That Ridiculous Mother Can Tell Her Kids It’s a Cowboy Hat 

Friday, November 17th, 2017

I’m not saying this is a good use of taxpayer money, but I like it better than bombing innocent civilians.

Previously in public penises: Phallus-Obsessed Bushwacker Strikes Again and The Giant Phallus Protest

CVS’s Handmade Flu Shot Signs

Thursday, November 16th, 2017

A flu shot is a good way to avoid learning if pumpkin spice cough drops are as nauseating as they sound. On a recent visit to the CVS in Harvard Square1, I came upon the following sign advertising that very service:

Don't gamble on the flu / Let us vaccinate youCVS Store #240

I was struck by the non-corporate nature of this sign, and particularly amused by its arts and crafts style. My hunch was that someone had made it with supplies from the store itself. I could easily picture them grabbing a deck of cards2, a few markers, and a piece of poster board, then putting this all together. A close inspection shows the sign even has a border of Christmas lights on it, though they were not illuminated at the time. While the whole thing was probably assembled in a back office, I’d like to imagine its creator sprawled out in the middle of a less-visited aisle, looking exactly like a middle schooler working on a science fair project.

As I do so many times when something amuses me, I snapped a picture before moving on with both my shopping and my afternoon. The following day, however, I needed something from the CVS near my house (Store #1900). As I entered, I came face to face with another handmade sign:

Don't let the flu knock you out / See your pharmacist todayCVS Store #1900

Where’d the second letter “k” in “knock” go? Its absence gave the effort a delightfully homemade feel. Meanwhile, the boxing theme was likely inspired by a nearby statue of Boston welterweight Tony DeMarco, which sits just across the street from the CVS store in question.
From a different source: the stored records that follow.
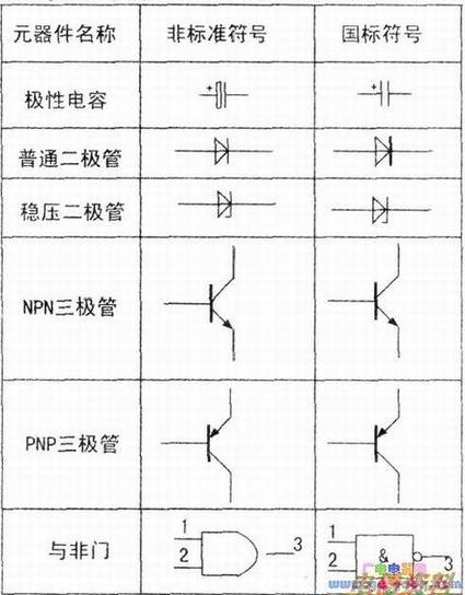 绘制图所用到的元器件图符与元器件工具栏面板上的图标按钮是两个截然不同的对象。前者运用在电路图上,一般是扩展名为Intlib或Schlib的文件;后者仅在面板上起标识作用,不运用在电路图上,一般是扩展名为bmp的文件。在元器件图符的创建中,作为一个电子爱好者,应该按照新的国家标准GB4728执行规范的电气图用图形符号。下表是部分非标准符号与GB4728国标符号的对照表。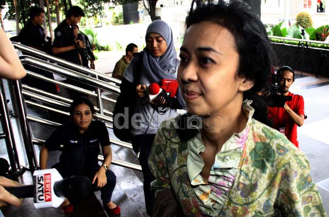 Elda Devianne Kembali Diperiksa KPK BAGIKAN URL telah disalin Elda tiba di gedung KPK sekitar pukul 10.40 WIB dengan mengenakan batik krem. Ramses/detikFoto. Elda masuk ke loby KPK didampingi koleganya. Ramses/detikFoto. Elda memberi pernyataan kepada wartawan. Ramses/detikFoto.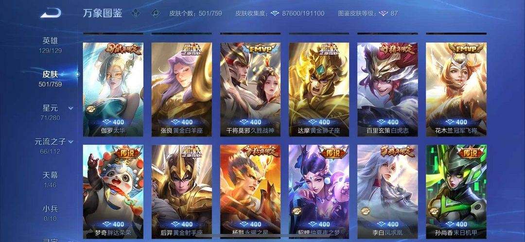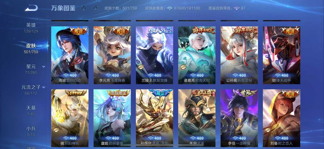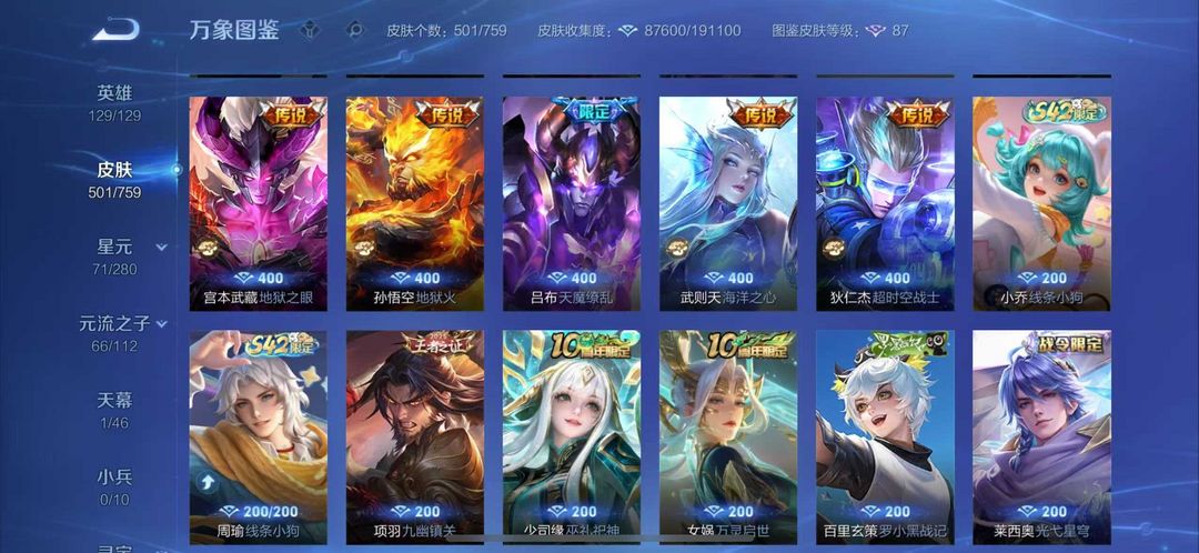女生号 贵10 多皮肤多传说 别拿那些空号v10来比 要看性价比 貂蝉武则天夏侯惇孙悟空李白鲁班小乔荣耀水晶 妲己九尾无双皮肤 80个传说 473皮肤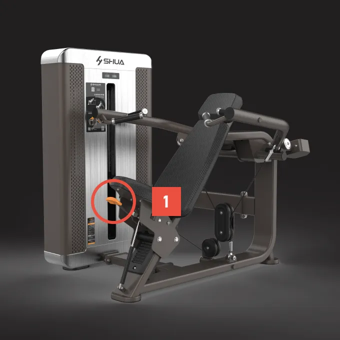 図①のシート下のレバーでシートの高さを調整しましょう。座った時に肩の上にバーがあるくらいの高さが目安です。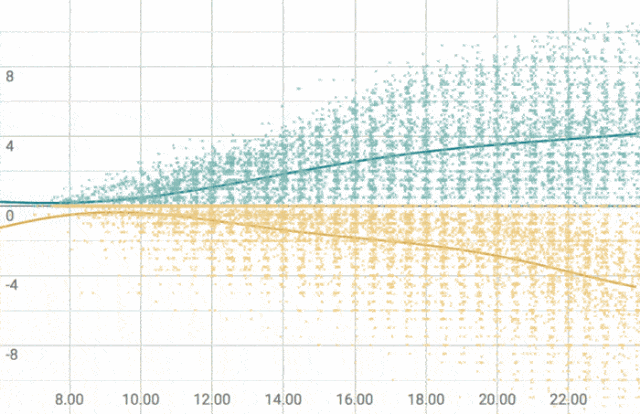 横轴是从早上7点到晚上24点,绿色是我的工作时间,黄色是我的休闲时间,动点是我一天的累计工作时间,最终的数据就会变成背后对应的小点,实线是所有平均数的连线,如果我哪天的工作时间是平时的两倍,我会觉得很充实,或者说我今天玩的时间超过了工作时间,那我也知道,哦,我玩脱了。于是,整个记录过程中我每一天的工作时间的累积,都在这个图上一目了然。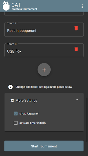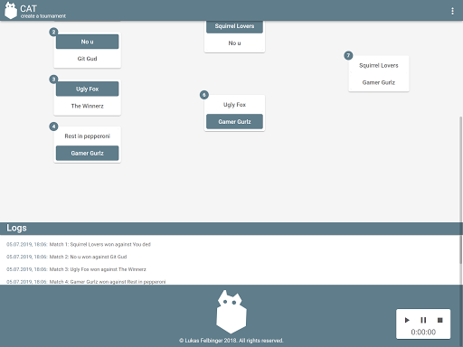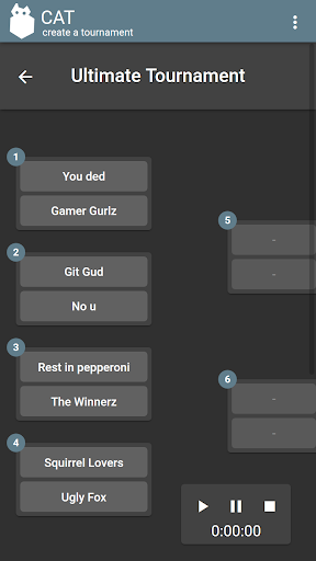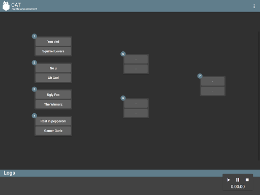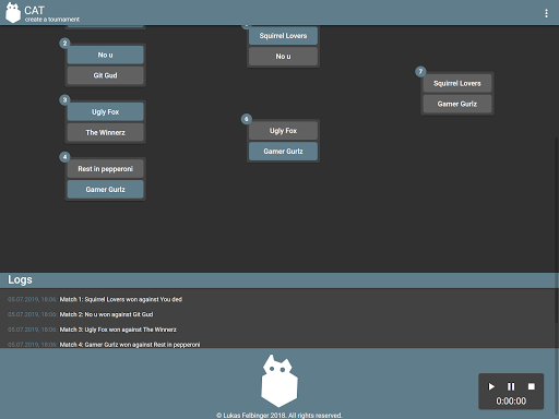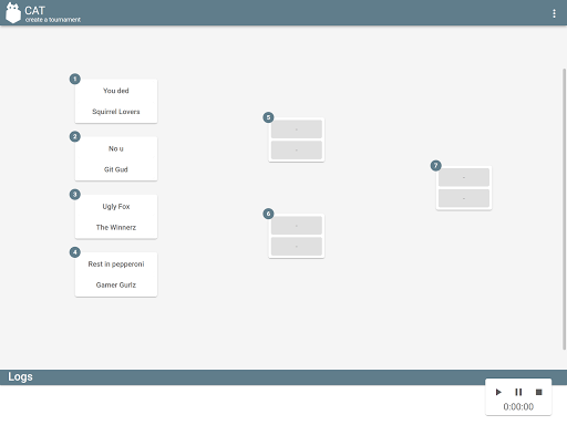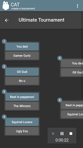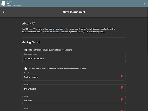 CAT (Create A Tournament) is a free application available on mobile for Android and as a web-application for all browsers to create single-elimination tournaments fast and easy.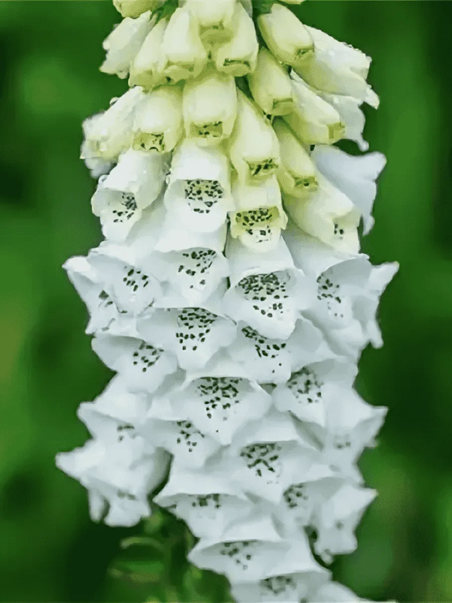 Наперстянка пурпурная Alba (Digitalis purpurea f. alba) — элегантная двулетняя травянистая красавица семейства подорожниковых, покоряющая сердца садоводов нежностью своего облика. Стройный прямой стебель высотой до полутора метров увенчан пирамидальной кистью крупных колокольчатых цветков молочно-белого цвета, словно сотканных из тонкой кружевной ткани. Листья крупные, продолговато-ланцетные, слегка морщинистые, покрыты мягким серо-зелёным пушком, придающим растению бархатистый шарм. Цветёт наперстянка долго и обильно, начиная с июня и продолжаясь вплоть до конца июля, привлекая пчёл своим сладким ароматом и изысканной формой цветов. Предпочитает умеренно влажную плодородную почву и полутень, легко размножается самосевом, создавая живописные островки белоснежного великолепия среди зелёного ковра сада.
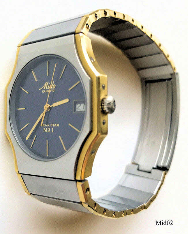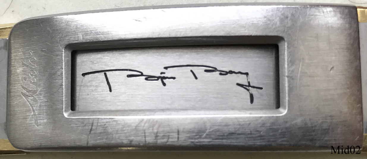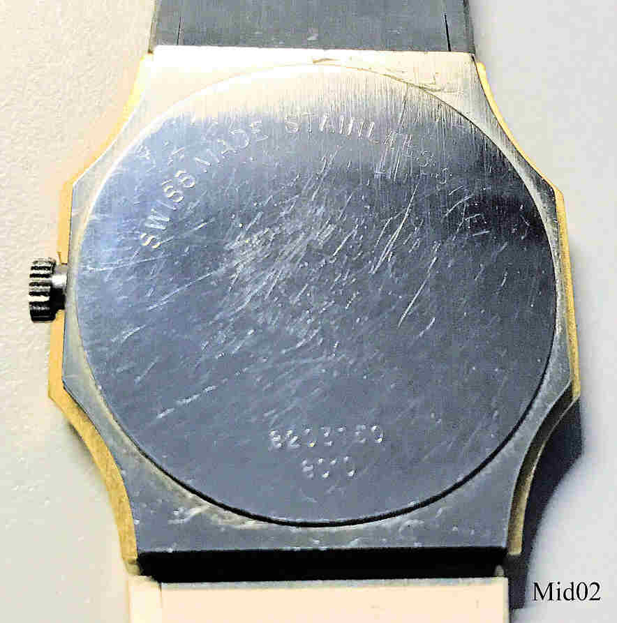 Dies ist eine Mido Ocean Star No.1 Uhr, Kaliber 8010, ETA 955.111, Stahl / Gold Gehäuse, gepresster Edelstahlboden, Kalender bei der 3. Beschriftet vorn: ”Mido, Quartz, Ocean Star, No. 1, Swiss ”, hinten: ”Swiss Made, Stainless Steel, 8203150, 8010”, innen: ”Mido, ETA 955.111”, Stahl / Gold Gliederarmband mit unterschriebener Schließe. Auf der Schließe das Autogramm von Björn Borg, Wimbledon Sieger von 1980 gegen McEnroe und seitdem Markenbotschafter von MIDO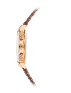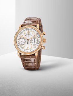For almost ten years, Patek Philippe has been offering women timepieces that are both elegant and striking – high quality chronographs with a classic architecture, featuring a column-wheel and horizontal coupling. Today, the Geneva manufacture unveils a new addition to its collection, the 7150/250R chronograph. Its once cushion-shaped case has been redesigned and is now round, in 18-carat rose gold, graced with 72 diamonds set into the bezel. The silvered opaline dial subtly evokes a vintage spirit that is understated and timeless. At once contemporary and classic, this timepiece features hours, minutes, 30-minute counters, small seconds and chronograph functions, all powered by the CH 29-535 PS caliber, a hand-wound mechanical movement. In homage to the tradition of classic chronographs, Patek Philippe has endowed its timepiece with a pulsometric scale that can measure the rhythms of an active life or the beating of the wearer’s heart.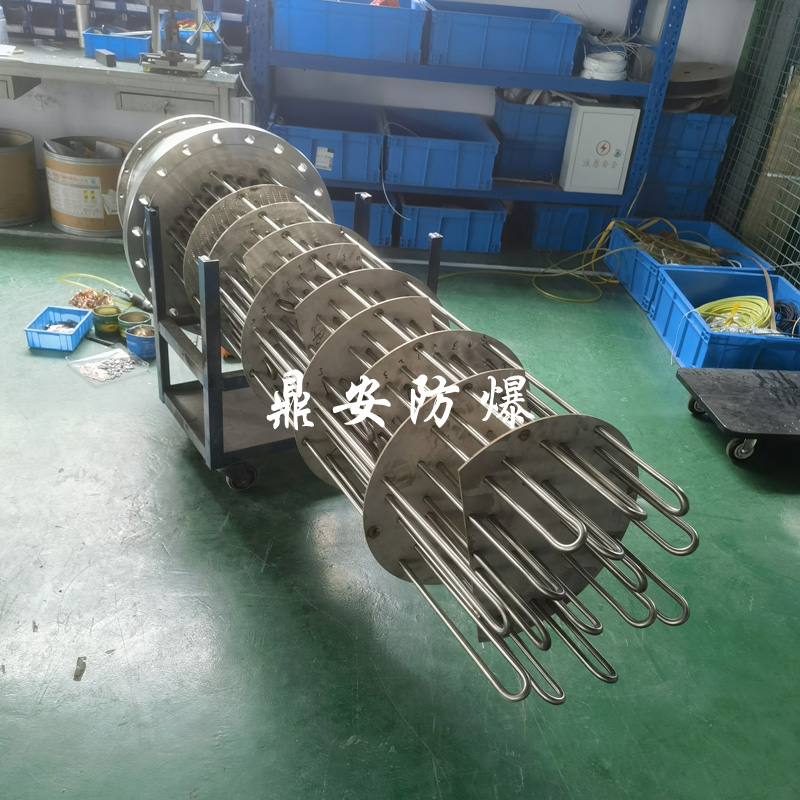 防爆法蘭加熱管是由多支加熱管焊接在法蘭上集中加熱。主要用于敞開式、封閉式的溶液箱和循環系統中加熱用。優點: 表面功率大,使一般電加熱表面負荷的2~4倍,高度密集式、結構緊湊。由于整體短而密集,故穩定性好,安裝無需支架。組合式法蘭加熱管大多采用氬弧焊接方式使電熱管于法蘭連接,也可利用緊固裝置的形式,即每支電熱管上焊由緊固件。然后與法蘭蓋采用螺母鎖緊。管子于緊固件采用氬弧焊接。緊固件密封處采用科學的工藝。單支更換方便,大大節約以后的維修成本選擇進口及國內優質材料。科學的生產工藝,嚴格的質量管理,保證電熱管優越的電氣性能。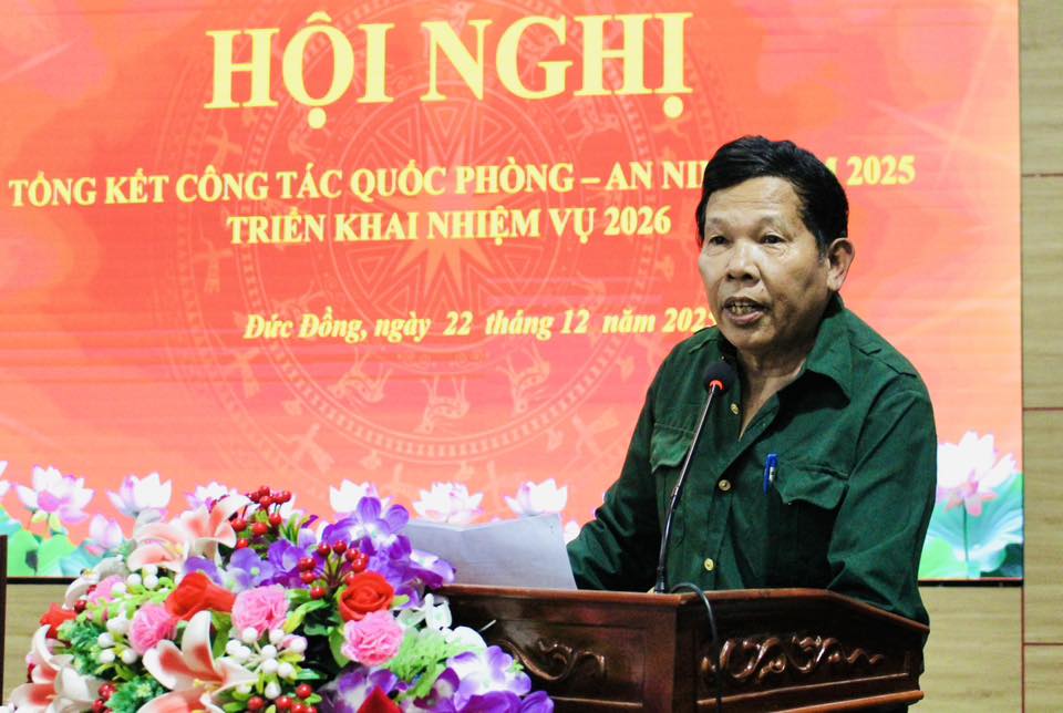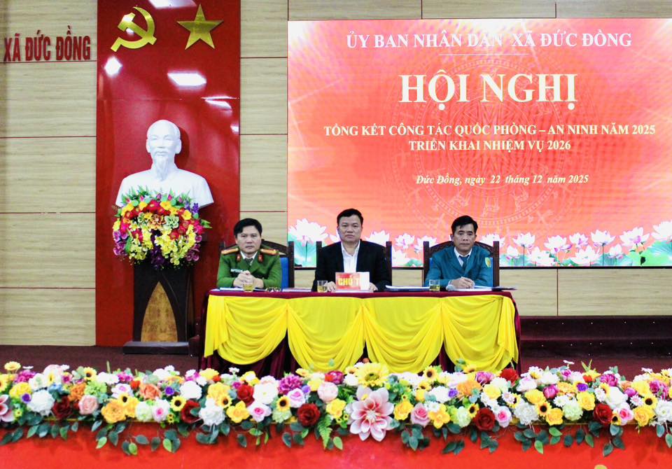 Chiều ngày 22/12, UBND xã Đức Đồng tổ chức Hội nghị tổng kết công tác Quốc phòng – An ninh năm 2025, triển khai phương hướng, nhiệm vụ năm 2026.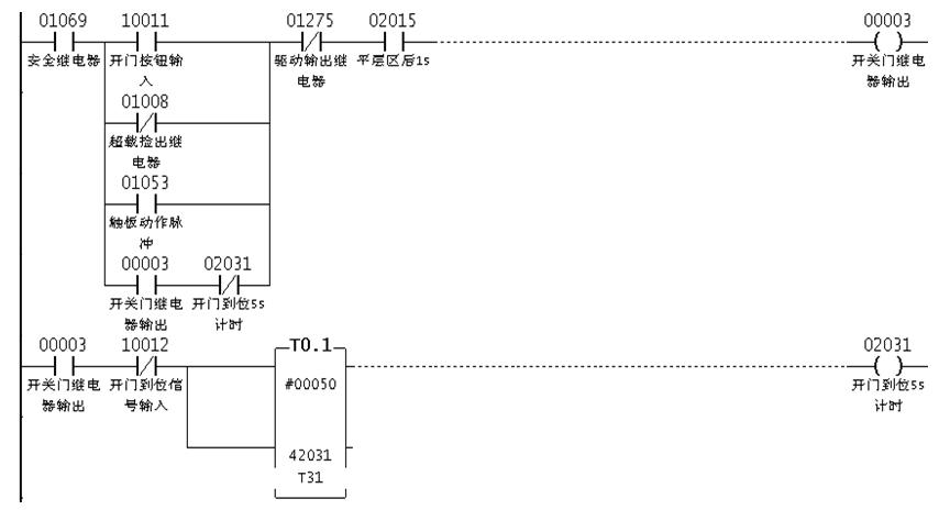 (2)电梯开关门模块: 安全继电器(01069)线圈接通时,有开门信号(10011)或有安全触板动作脉冲输入,在进入平层区1秒(02015)后,驱动门机开门,开门继电器接通;在开门到位信号(10012)或开门到位5秒后,关门继电器输出。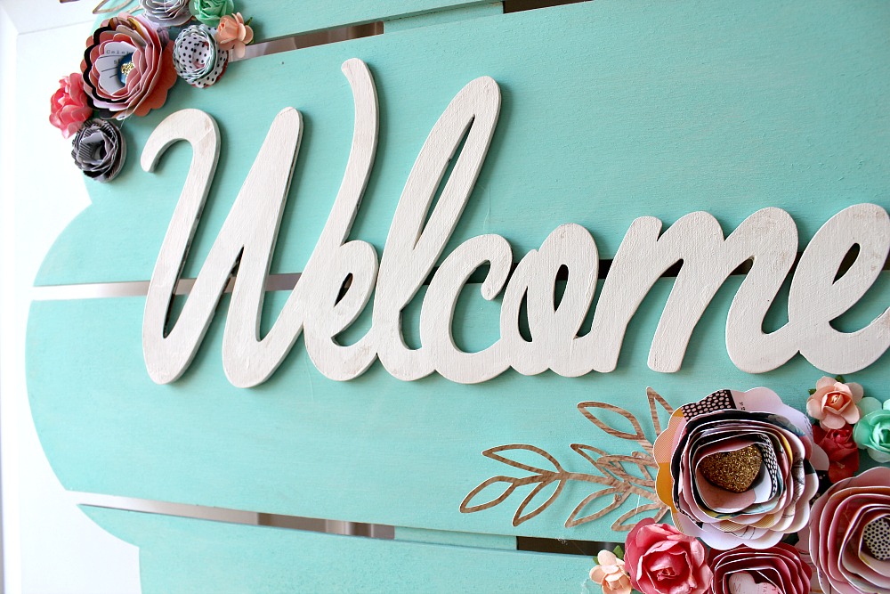 Hello! Happy Friday! It's also a new month which means we are closer to spring! After the deep freeze the Midwest had this week I am so ready! Today, I'm sharing the Flower DIY Pallet Shape that I created as a fun spring-themed door hanger!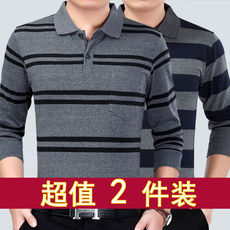 春秋季男装纯棉翻领条纹长袖t恤中老年男士POLO衫有领休闲打底衫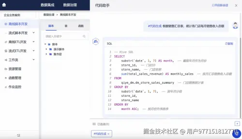 基于深度语义理解技术解析业务意图,结合行业元数据和标准代码模版等行业知识,一键生成Hive/Python/Shell等全场景代码。其中行业知识包括:基于数百个数据治理项目经验,沉淀的应急、政务、零售等行业元数据,以及内置全删全插、动态分区初始化、增量比对追加、全量比对追加等9类高频数据开发代码模版,确保自动生成的代码更精准。

Here it is on Google Maps:

CVS and Tony DeMarco StatueLeft Circle: CVS Store #1900; Right Circle: Tony DeMarco Statue
[Photo credit: Google Maps Street View]

Finding two different handmade signs in two CVS stores multiple miles apart seemed like quite a coincidence. I began to suspect something was up, and immediately headed over to the other CVS near my house (Store #4666) to see if they had a similar sign. However, a quick look around that store turned up nothing. I left thinking that perhaps it was mere chance that the first two stores were advertising flu shots in similar fashion.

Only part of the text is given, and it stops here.